Karen Anne Gren Scholer (born December 2, 1957) is an American lawyer who serves as a United States district judge of the United States District Court for the Northern District of Texas.

Biography 

Scholer received a Bachelor of Arts degree in 1979 from Rice University. She received a Juris Doctor in 1982 from Cornell Law School. She started her legal career as an associate at the law firm of Strasburger & Price, LLP, where she was employed from 1982 to 1996. She was elevated to partner in 1989. From 1996 to 2000, she was a partner at the law firm of Andrews Kurth.
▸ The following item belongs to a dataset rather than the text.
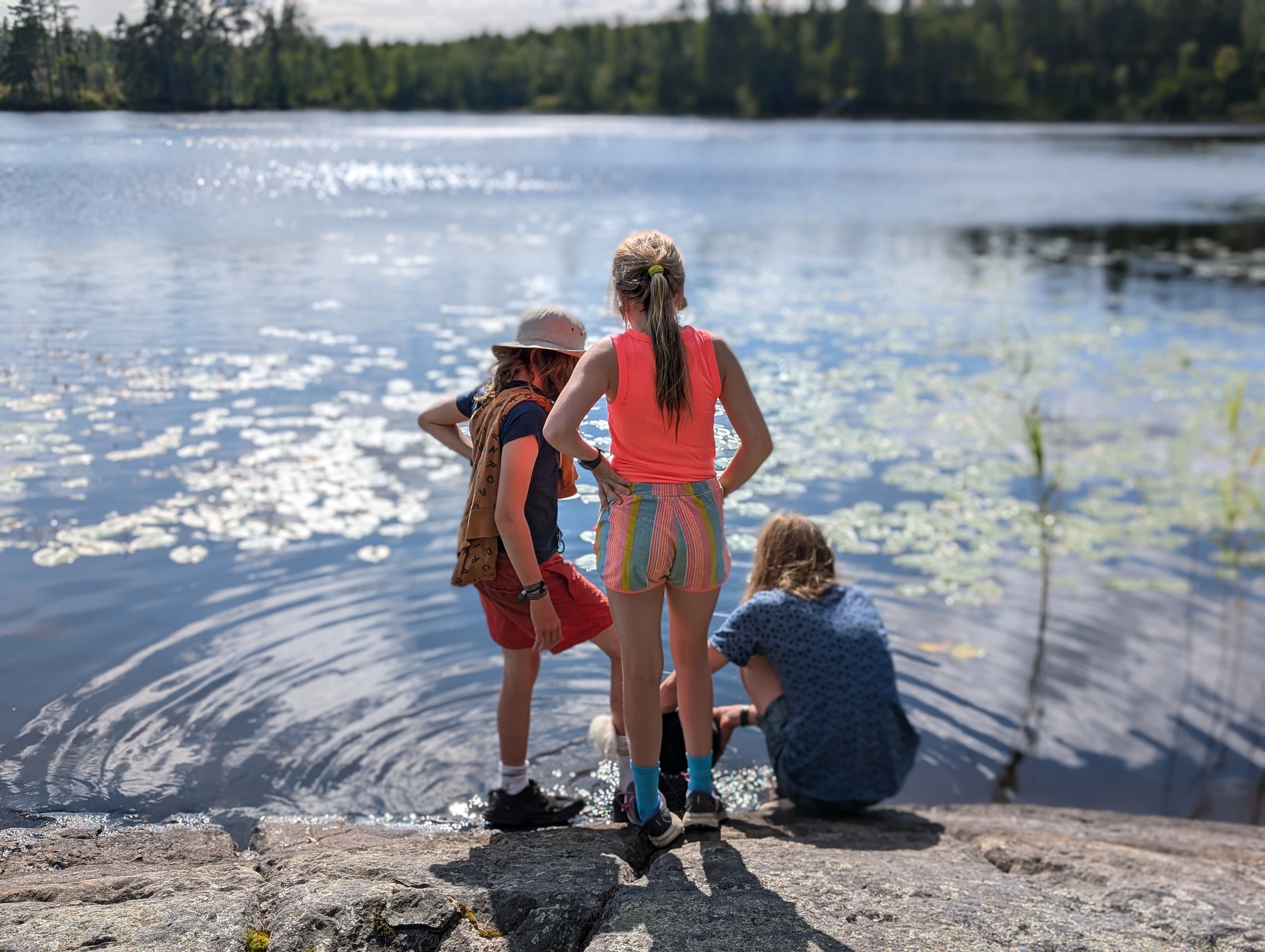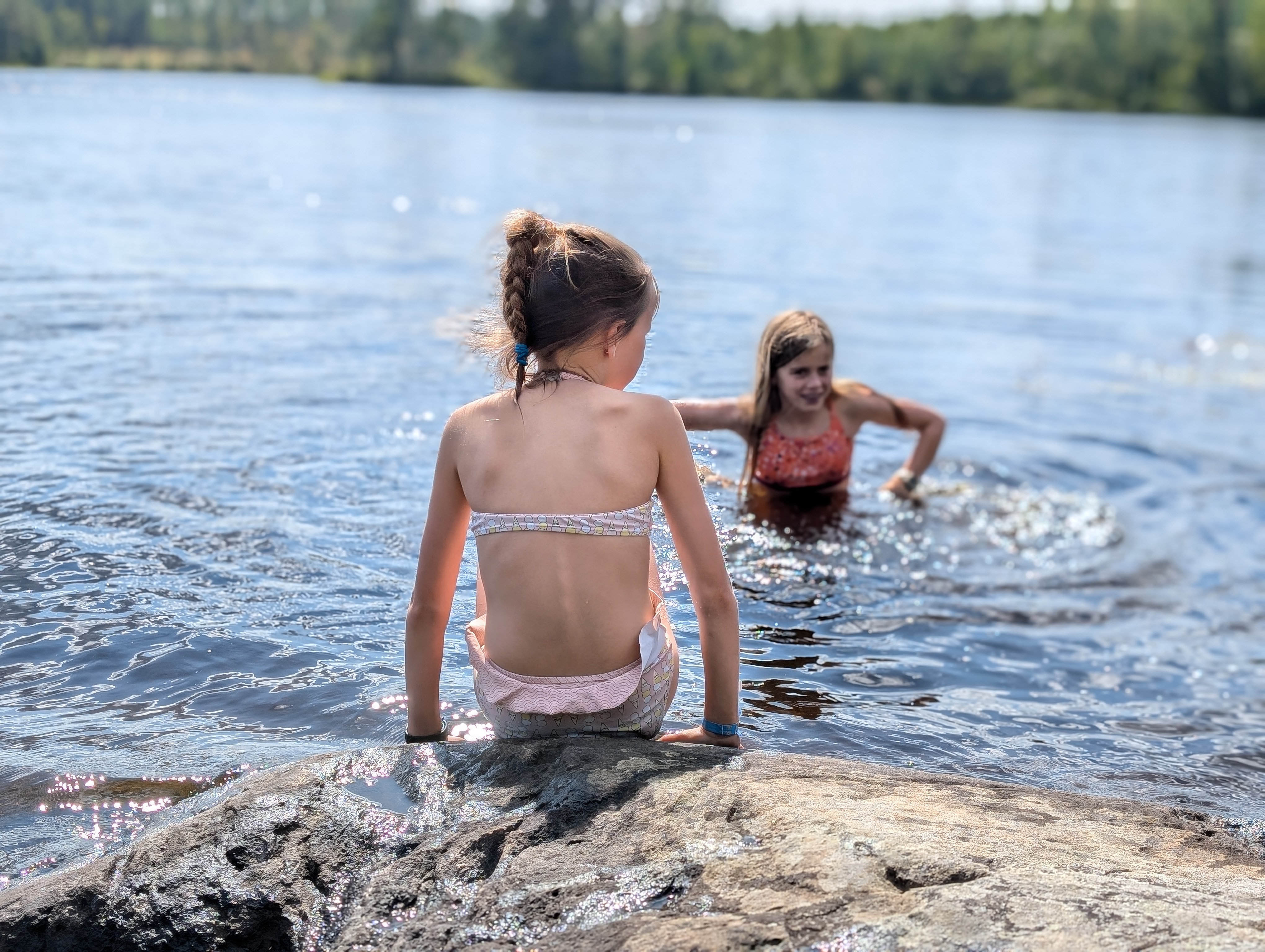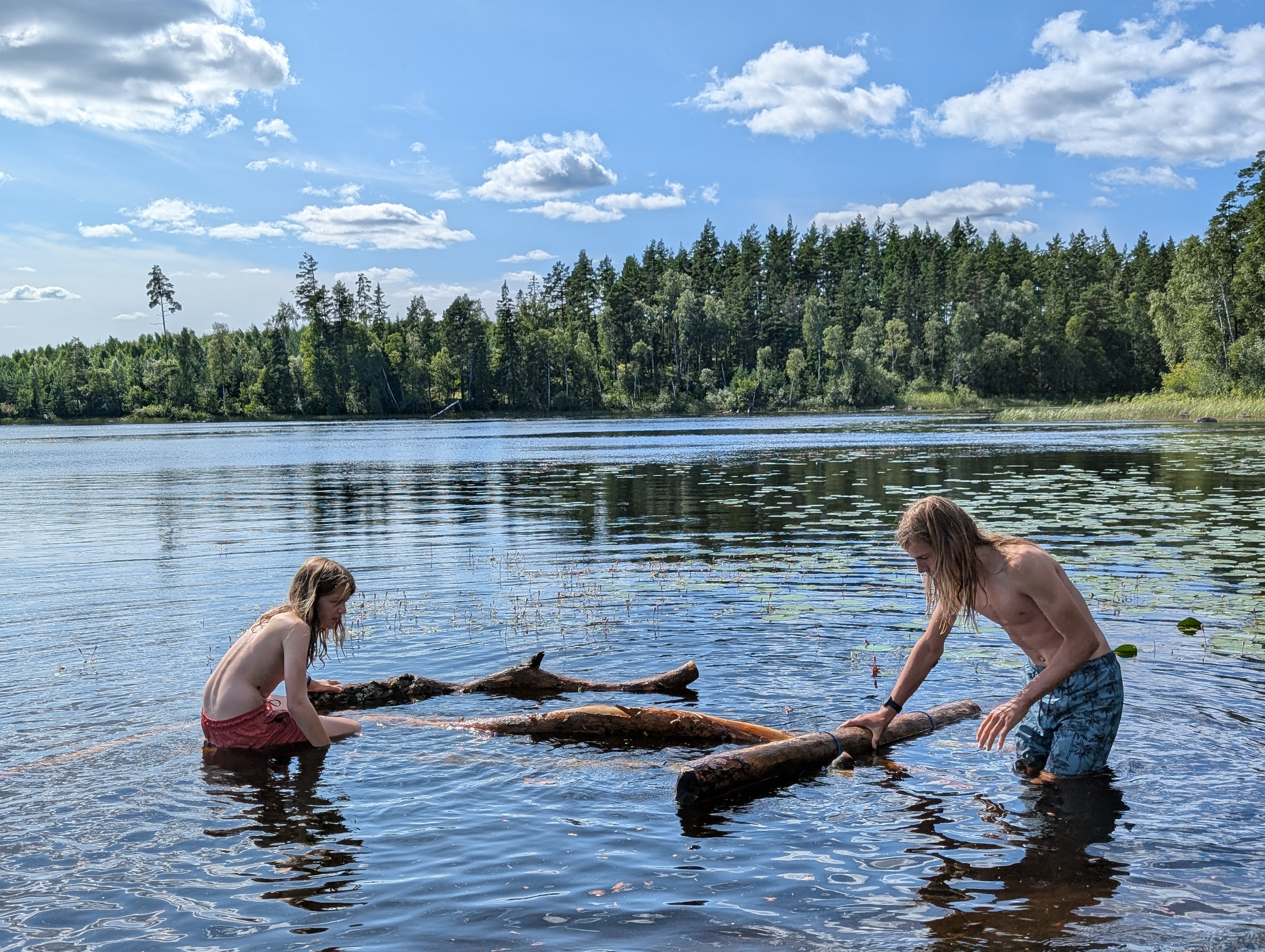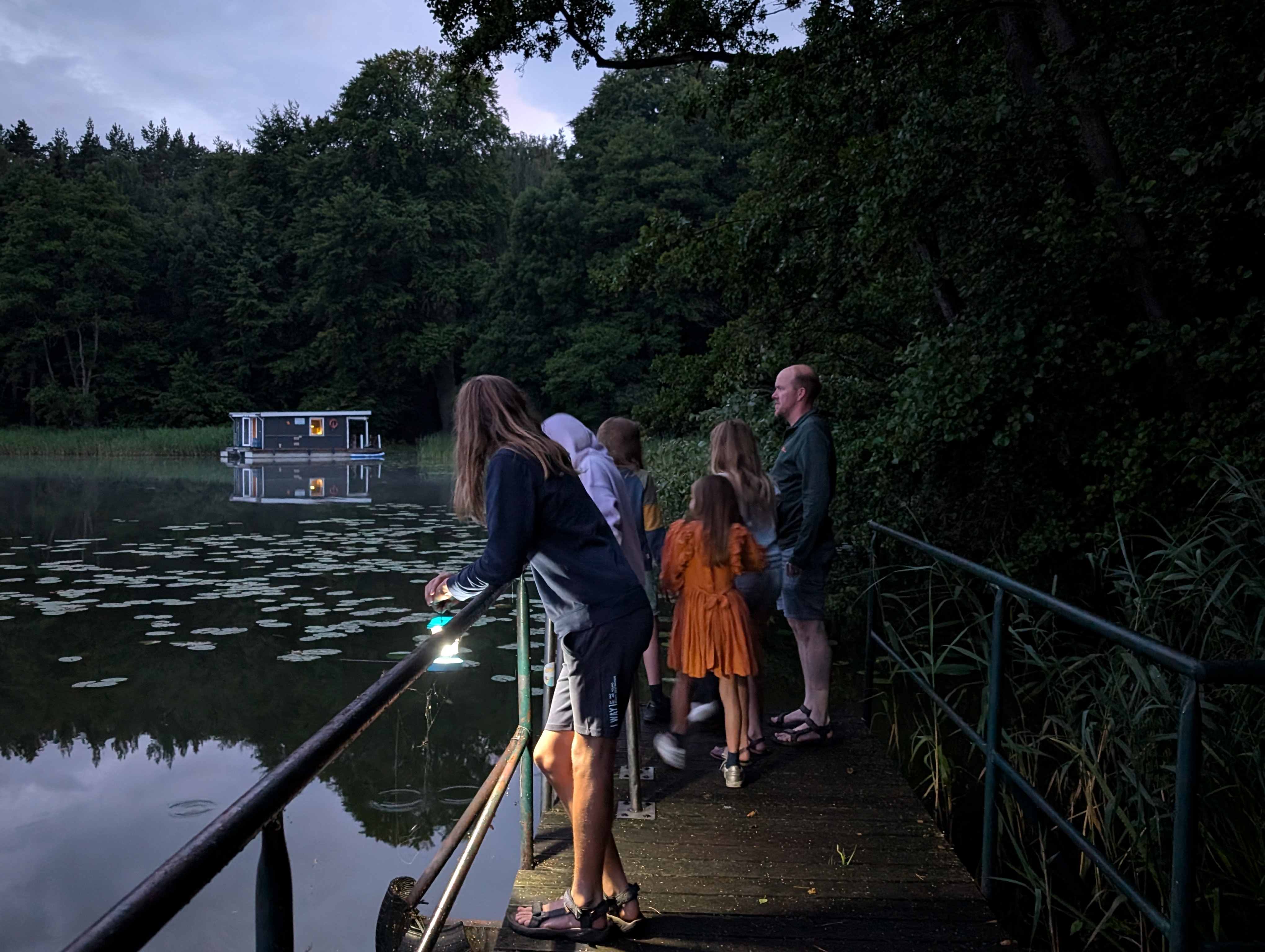 We hebben een prachtig houten terras, een magnifiek zicht op het meer en opnieuw een eigen aanlegsteiger en bootje. Het zwemmen laat ik aan de kinderen over wegens veel te koud zonder wetsuit voor een koukleum als ik.

In 2000, Scholer was elected as a Republican to be a State District Judge for the 95th Judicial District Court of Dallas County, Texas She was re-elected without opposition in 2004, serving in this position until 2008. In 2007, she also served as the presiding judge for the Dallas County Civil District Judges. From 2009 to 2013, she was a partner at the law firm of Jones Day. From 2014 to 2018, Scholer was a principal in the law firm of Carter Scholer Arnett Hamada & Mockler, PLLC, where she specialized in business litigation, complex tort litigation, and alternative dispute resolution. She was promoted to a co-managing partner in 2015.

Federal judicial service

Expired nomination to Eastern District of Texas under Obama 

On March 15, 2016, President Barack Obama agreed with U.S. Senators John Cornyn and Ted Cruz to nominate Scholer to serve as a United States district judge of the United States District Court for the Eastern District of Texas, to the seat vacated by Judge Richard A. Schell, who assumed senior status on March 10, 2015. On September 7, 2016, a hearing before the Senate Judiciary Committee was held on her nomination. Her nomination generated no controversy, but the Senate had a large backlog of nominees and bills. Her nomination expired on January 3, 2017, with the end of the 114th Congress.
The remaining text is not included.